Ultrafast serrodyne optical frequency translator

The serrodyne principle enables an electromagnetic signal to be frequency shifted by applying a linear phase ramp in the time domain. This phenomenon has been exploited to frequency shift signals in the radiofrequency, microwave and optical regions of the electromagnetic spectrum over ranges of up to a few gigahertz, for example, to analyse the Doppler shift of radiofrequency signals for noise suppression and frequency stabilization. Here we employ this principle to shift the centre frequency of high-power femtosecond laser pulses over a range of several terahertz with the help of a nonlinear multi-pass cell.
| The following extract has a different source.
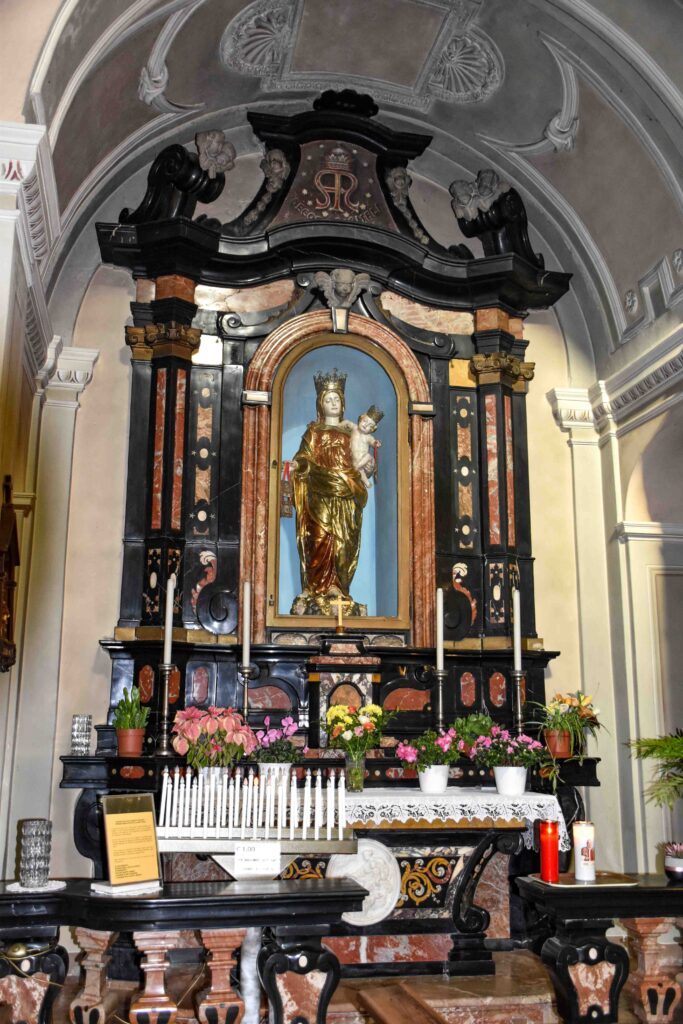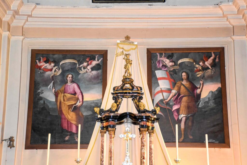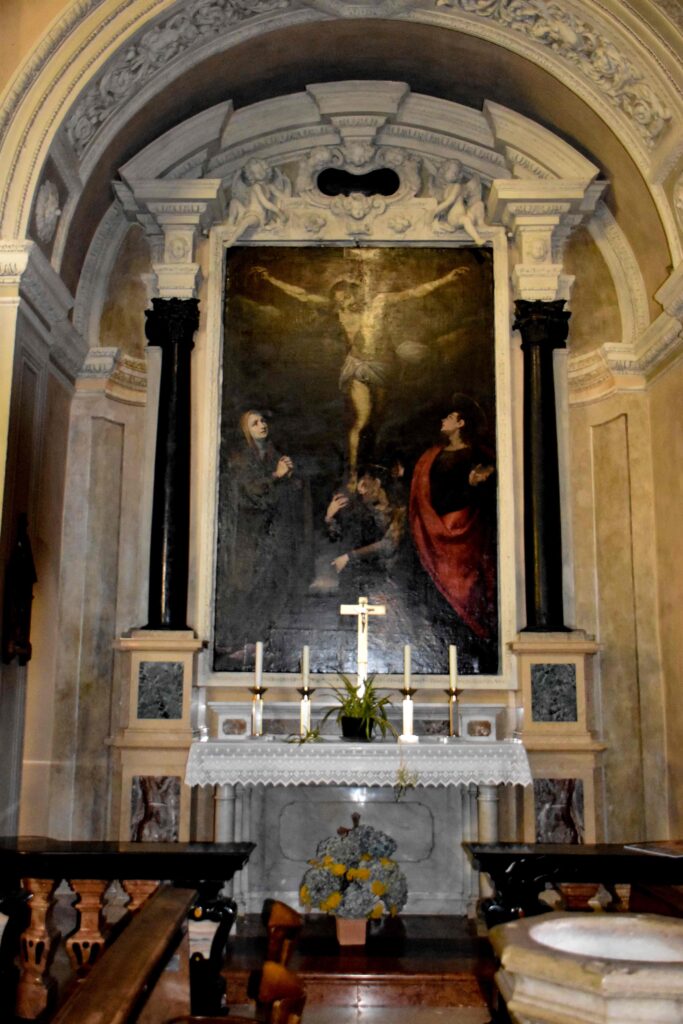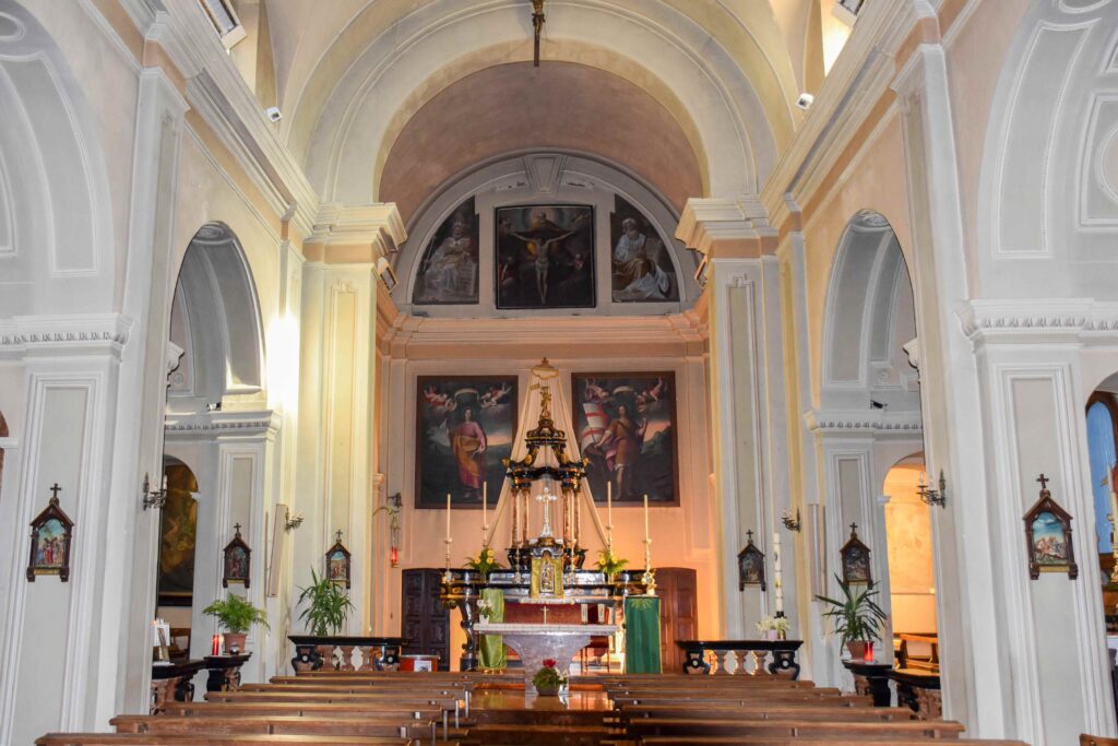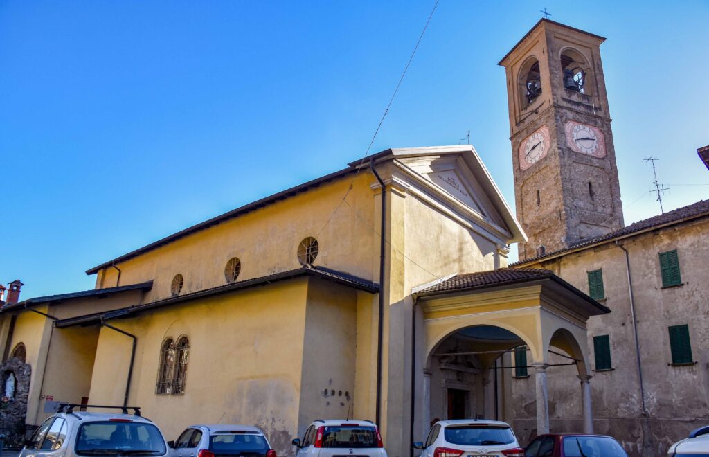 La chiesa parrocchiale dei Ss. Giacomo e Fedele si trova nel cuore del borgo di Carlazzo che si raccoglie sulle pendici del Pidaggia, sul sedime di quello che doveva essere un fortilizio, dal quale derivai nome del Paese (“castellazzo”). Ciò spiegherebbe anche il fatto che il campanile è tuttora staccato dalla chiesa, posto più in alto su uno sperone di roccia, originariamente usato come torre di osservazione. La chiesa esternamente si presenta oggi come frutto di una pesante ristrutturazione ottocentesca, ultimo di una serie di rifacimenti a partire dall’antica fondazione, forse più vecchia del 1626, data che si trova apposta sul fianco destro dell’edificio. L’interno è a navata unica, scandito da alcune cappelle che rappresentano le tracce più antiche d’arte e storia presenti in chiesa. La prima cappella a sinistra presenta una tela con San Giovanni Battista risalente al 1648 incorniciata da un sontuoso altare a timpano spezzato a volute in marmo nero di Varenna con colonne in rosso di Arzo. Davanti al paliotto si trova il fonte battesimale, con ogni probabilità un’aggiunta posticcia in sostituzione della nicchia solitamente a sinistra dopo l’ingresso. La seconda cappella a sinistra è dedicata alla Madonna del Carmelo, rappresentata da una statua della Vergine col Bambino settecentesca posta nella nicchia dell’altare a marmi misti, tipici anch’essi del XVIII secolo. Sul paliotto si trova un prezioso medaglione marmoreo bianco che rappresenta un’insolita Madonna del Carmelo con il Bambino ma senza velo che appare a San Simone Stock e gli dona lo scapolare, sventolandoglielo quasi sulla faccia. La prima cappella a destra è dedicata alla Crocifissione e risale alla fine del XVII secolo, ma è stata pesantemente rimaneggiata. L’estradosso della cappella è sormontato da una coppia di putti che reggono uno scudo con il Velo della Veronica, un tipico simbolo della Passione di Cristo diffuso nel XVII secolo. La seconda cappella di destra è la più moderna della chiesa, frutto della grande diffusione di inizio Novecento del culto del Sacro Cuore di Gesù, fortemente promosso da papa Leone XIII. La statua del Sacro Cuore di Gesù coeva all’altare, in marmi policromi. Il paliotto presenta i simboli vescovili e papali, mentre le balaustre di tutte le cappelle fin qui citate sono anch’esse di stampo moderno. Fra le cappelle su entrambi i lati si aprono due nicchie per i confessionali lignei barocchi, ognuna con una bella vetrata artistica moderna: a sinistra la Madonna del Carmelo che protegge la chiesa di Carlazzo e L’apparizione della Madonna di Lourdes, a destra l’Annunciazione. Ai lati del presbiterio si pare il transetto, oggi usato per i fedeli ma la cui funzione originaria era quella di ospitare il coro o i membri della confraternita. Il transetto sinistro ospita una tela settecentesca con l’Assunzione piuttosto ridipinta; nel transetto destro c’è un affresco murario strappato da un’abitazione e donato dalle sorelle Manzoni di Carlazzo nel 1979 alla parrocchia. Questo affresco, risalente probabilmente al XV secolo, è contornato da una cornice con due girali laterali floreali a sostengo di una finta trabeazione sommitale e rappresenta La Madonna col Bambino con i Ss. Bernardo e Sebastiano, questi ultimi invocati rispettivamente per un buon raccolto e a protezione dalle malattie. L’altare maggiore risale alle fine del Settecento e fu realizzato in marmi misti policromi, che culminano nel tempietto sommitale molto in voga a quel tempo per l’adorazione delle quarant’ore e del Sacro Ostensorio, oggi principalmente usato per l’adorazione del Crocifisso argenteo. Il paliotto ricamato d’altar maggiore è più tardo, risalente al XIX secolo, con tre medaglioni ricamati con l’Ultima Cena al centro, copia del celeberrimo affresco leonardesco del refettorio del convento di Santa Maria Maggiore a Milano, posto fra gli ovali con i Ss. Giorgio e Stefano, i patroni delle chiese di Gottro, frazione di Carlazzo, che dipende dalla parrocchia dei Ss. Giacomo e Fedele anche da un punto di vista ecclesiastico. Le due tele che si trovano sulla parete di fondo della chiesa, dietro all’altare maggiore, sono forse le più pregevoli della chiesa. Esse furono dipinte da Pietro Pozzo Vignora da Puria, in Valsolda, e rappresentano i due Santi Patroni della chiesa, Giacomo e Fedele, risalenti alla prima metà del Seicento e fortemente influenzate dagli schemi tardo manieristici di Morazzone e in parte risentono delle novità della Controriforma della scuola dei Procaccini e del Cerano a Milano. Più tarda è la tela che si trova sul lunettone absidale con la Trinità, forse risalente al Settecento. Ai lati di questa tela sono affrescati il Re d’Israele Davide e il profeta Isaia, anch’essi con iscrizioni tratti da passi biblici che li riguardano. Nell’affresco di Re Davide si trova anche un’iscrizione che ci racconta del committente, Battista Castelli, che fece dipingere l’affresco per volere di un legato paterno. In controfacciata si trova l’organo moderno con cantoria lignea.

We demonstrate our method experimentally by shifting the central wavelength of a state-of-the-art 75 W frequency comb laser from 1,030 nm to 1,060 nm and to 1,000 nm. Furthermore, we experimentally show that this wavelength-shifting technique supports coherence characteristics at the few hertz-level while improving the temporal pulse quality. The technique is generally applicable to wide parameter ranges and different laser systems, enabling efficient wavelength conversion of high-power lasers to spectral regions beyond the gain bandwidth of available laser platforms.

Automated summary

The serrodyne principle is used to frequency shift electromagnetic signals by applying a linear phase ramp in the time domain. This technique is applied to high-power femtosecond laser pulses to shift the central wavelength over a range of several terahertz. Experimental results show successful wavelength shifting of a 75 W frequency comb laser from 1,030 nm to 1,060 nm and 1,000 nm, while maintaining coherence characteristics at the few hertz-level. This technique allows efficient wavelength conversion beyond the gain bandwidth of available laser platforms.